India’s government has also announced that it intends to cap the share of UPI transactions for any one service provider to 30% by the end of 2024, with the goal of reducing the dominance of Google Pay and PhonePe.[44] It remains unclear how such caps will be implemented, but it is almost certain that whatever mechanism is adopted would cause other harmful effects. Indeed, there is something slightly absurd about introducing a cap on participation in order to address the perverse consequences of caps on MDR.

Given that the MDR caps are the cause of Google Pay and PhonePe’s combined dominance, a far better solution would be to lift those caps. Indeed, based on the evidence adduced here, removing the MDR caps would likely unleash competition and innovation. Instead of being dominated by a few giant players, UPI would become what its visionaries intended: an inclusive platform that facilitates participation by a wide range of players. The platform could then further expand access to payments, enhance smaller merchants’ ability to compete, and improve financial inclusion.

B. Costa Rica

Costa Rica introduced price controls on payment cards in 2020. Legislative Decree No. 9831 authorized the Central Bank of Costa Rice (BCCR) to regulate fees charged by service providers on “the processing of transactions that use payment devices and the operation of the card system.”[45] The legislation’s stated objective was “to promote its efficiency and security, and guarantee the lowest possible cost for affiliates.” BCCR was tasked with issuing regulations that would ensure the rule is “in the public interest” and guarantee that fees charged to “affiliates” (i.e., merchants) are “the lowest possible … following international best practices.”
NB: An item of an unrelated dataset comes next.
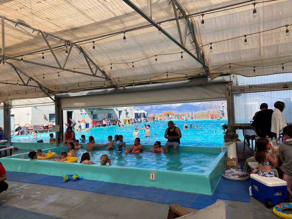 The name of the campground we are staying in is Sand Dunes Recreation. It is pretty quirky but when you get here it makes perfect sense! It is built around a hot springs swimming pool and the locals visit it regularly. Harry really cannot do the hot temperatures so rather than pay the $30.00 admission, we took a tour of it and I was the nosey lady taking pictures of people in their swimming suits! Boy was it crowded! The water runs about 90 degrees. They also have soaking tubs…the highest in temperature was 110 degrees. If we were there with kids…no doubt we would have had to make a visit to the hot springs. But as it is we passed!
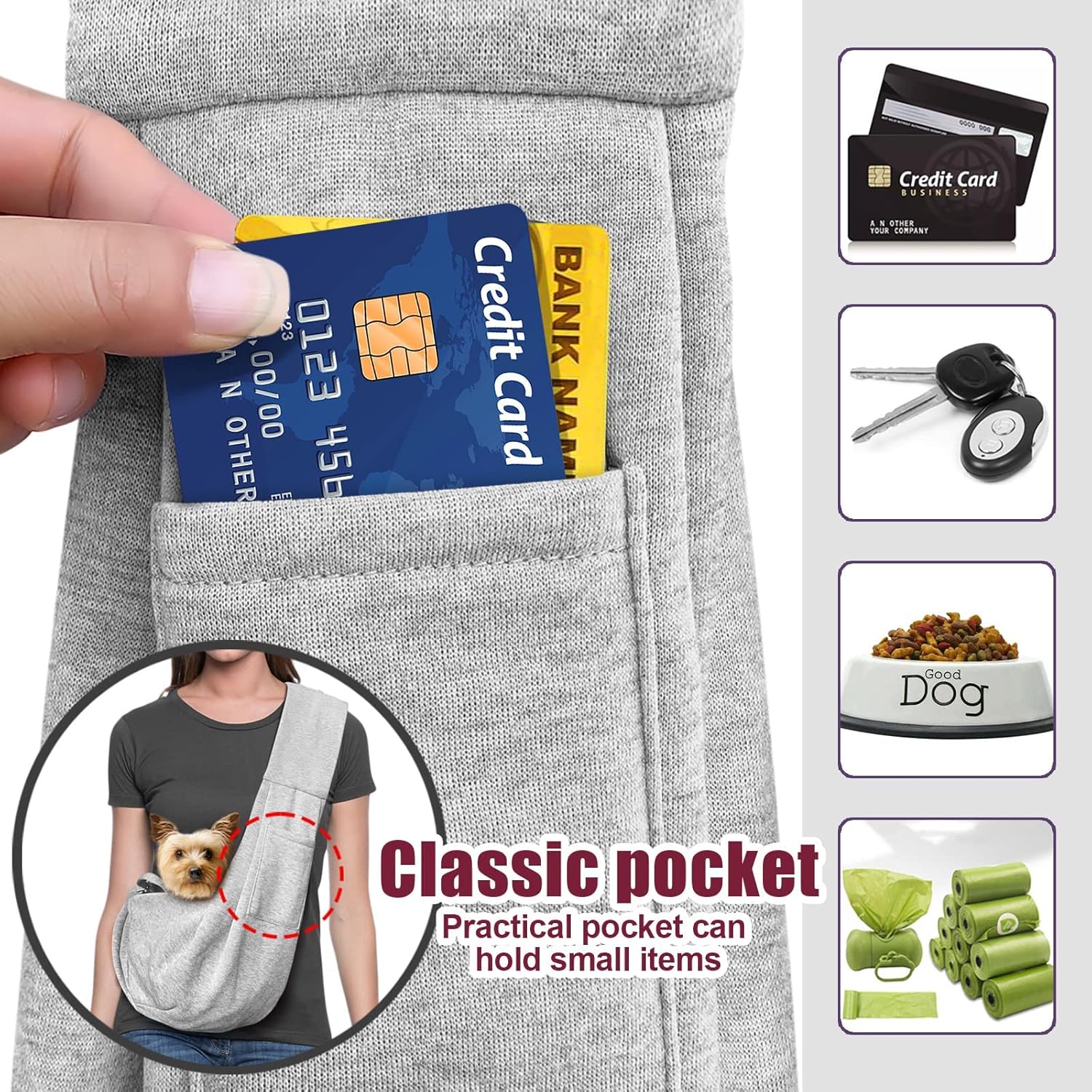 Pet Dog Sling Carrier for 3-10 lbs pet,Dog Purse Pouch,Dog Satchel,Reversible unadjustable Strap Travel Hand-Free Safe Bag Small Puppy Backpack (Grey)

Starting Nov. 24, 2020, BCCR set maximum interchange fees for domestic cards at 2.00% and maximum MDR at 2.50%. Over a four-year period, BCCR has gradually ratcheted down both MDR and interchange-fee caps, as shown in Table 2.

TABLE 2: Interchange Fee and MDR Caps in Costa Rica, 2020-2024

An unusual feature of BCCR’s regulation is the simultaneous cap on both MDR and interchange fees, which has the effect of limiting revenue to both acquiring banks and issuing banks. This has likely reduced investments by issuers and acquirers and led to lower levels of system efficiency and speed, and possibly to increased fraud.

It is also worth noting that both interchange fees and MDR vary according to merchant type and location, in large part because the risk of fraud varies among different types of merchants. There is a danger, therefore, that imposing price controls on both MDR and interchange fees could make it unprofitable for acquirers to process payments for some riskier merchants. In other words, in its attempt to reduce merchant costs, BCCR may inadvertently (but predictably) prohibit some merchants from being able to accept payment cards. This is neither efficient, nor is it in the public interest.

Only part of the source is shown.